We collected 100 lymphoblastoid cell line (LCL) samples of British ancestry (1000 Genomes Project, GBR cohort) from Coriell. ATAC-seq library preparation was performed for each line (except for the 24 lines we previously performed16) as previously described16. We performed 75bp paired end sequencing in 4.4 billion sequence fragments on a HiSeq 2500 (Illumina). Although data from the 24 lines has been previously sequenced16, we performed additional sequencing to increase the coverage. We called 277,128 chromatin accessibility peaks on autosomes from the aggregated data (Supplementary Note, Section 1), from which we map chromatin accessibility QTLs (caQTLs). We also performed an additional ATAC-seq experiment in GM12878 that was not used for QTL mapping, but was used to assess genotypic effects on the reference epigenome.

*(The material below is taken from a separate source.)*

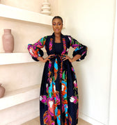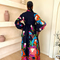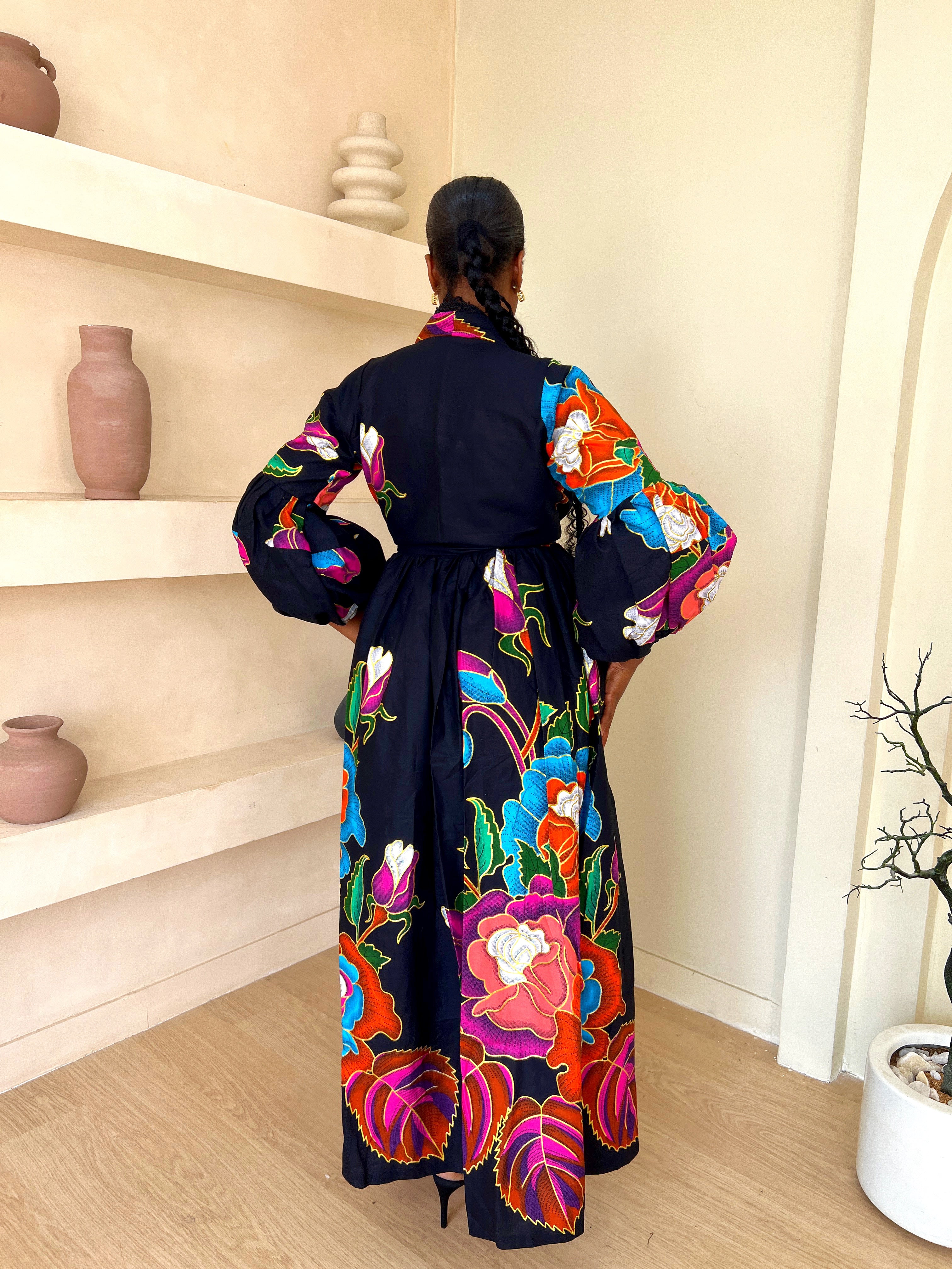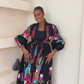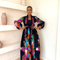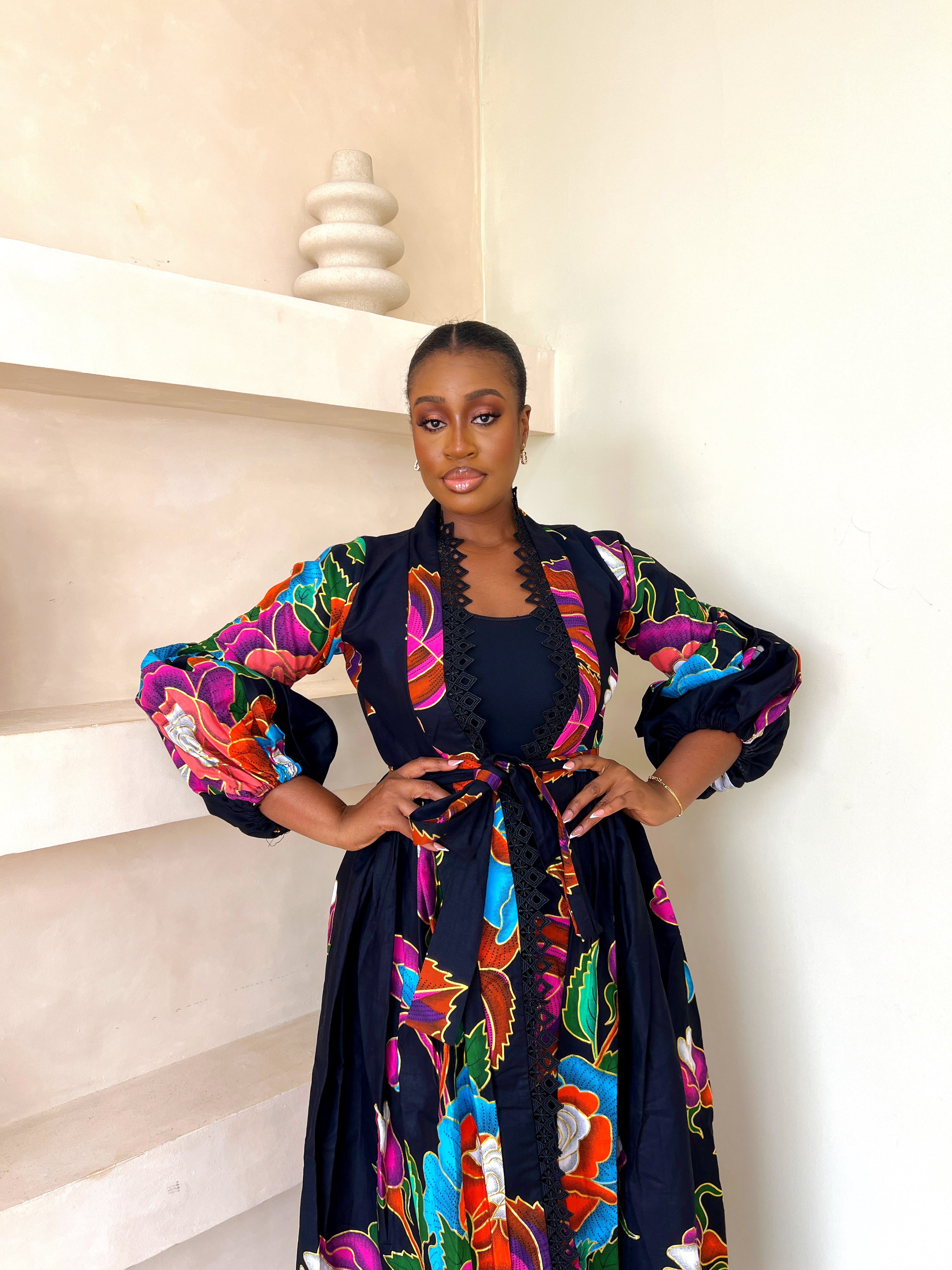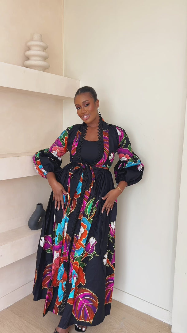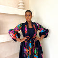 The Koa Kimono in an exotic metallic black, green and blue Ankara floral print. Sultry, stunning, and speaks for itself. Wear it as a kimono Dress, or open with a pair of pants and top. Be ready for all the attention! Look Unique. Know You Are Beautiful.

Sequencing data preprocessing

All sequence data sets were aligned to human genome assembly GRCh37. We performed adapter trimming for our ATAC-seq data using skewer44 (version 0.1.127; see URLs) before alignment. FASTQ files of GEUVADIS RNA-seq data41 (N=372) were downloaded from ArrayExpress (Accession E-GEUV-3) and ChIP-seq data for CTCF binding45 (N=50) were downloaded from the European Nucleotide Archive (Accession ERP002168). Our ATAC-seq data and the CTCF ChIP-seq data were aligned using bwa 0.7.446. RNA-seq data were aligned using Bowtie247 (version 2.2.4; see URLs) and reads mapped to splice junctions using TopHat248 (version 2.0.13; see URLs), using ENSEMBL human gene assembly 69 as the reference transcriptome. Following alignment, we performed peak calling in the CTCF ChIP-seq and ATAC-seq data by pooling all samples. Fragment counts of ATAC-seq, CTCF ChIP-seq and RNA-seq for each feature (a called peak or an union of exons for each gene) were normalised into FPKMs using length referred to the peak length in kilobases. Batch effects were adjusted by GC contents and principal components. See Section 2.1-2.5 of Supplementary Note for more detail.

SNP genotype data

We downloaded VCF files from the 1000 Genomes Phase III integrated variant set from the project website. For the ATAC-seq, RNA-seq and CTCF ChIP-seq samples that did not overlap with the 1000 Genomes Phase III samples, we extracted genotype data from the 1000 Genomes Phase I data or 1000 Genomes high density SNP chip data (performed on the Illumina Omni platform). We then performed whole genome imputation for the extracted genotype data by using the Beagle software49 (version 4.0; see URLs). See Section 2.6 in Supplementary Note for details.

Genomic annotations

To compute ATAC-seq peak height, we pooled ATAC-seq data for the 100 samples. The peak height was defined as the highest value of the coverage depth within each peak region. Peak height was quantile normalised across all peaks. The relative coverage at each variant location (VL) was calculated by the absolute coverage depth divided by the peak height inside the peak. This value was used as the VL prior probability for both caQTL mapping and eQTL mapping. Peak distance was calculated based on the midpoint of a peak region. We also used various external genomic annotations for comparison. The Hi-C contact map and Hi-C loops for GM12878 were obtained from Rao et al. (2004)10. TAD boundaries were defined as the anchor regions of a Hi-C loop. Capture Hi-C data for GM12878 was obtained from Cairns et al. (2016)13 and CHiCAGO13 (version 1.1.8; see URLs) was used to extract CHi-C interactions with CHiCAGO score > 1. The H3K27ac HiChIP data for GM12878 was obtained from Mumback et al. (2017)12. The JuiceBox output was processed by HiCCUPS50 implemented in the Juicer Tools (version 0.7.5; see URLs) with default parameter setting to obtain the HiChIP loops. The integrated genomic segmentation annotation28 combining Segway51 and ChromHMM52 results was downloaded from ENCODE Project27 website (URLs). Each ATAC peak was labelled by one of the 7 different segmentation categories at the peak midpoint. See Section 2.7 in Supplementary Note for details.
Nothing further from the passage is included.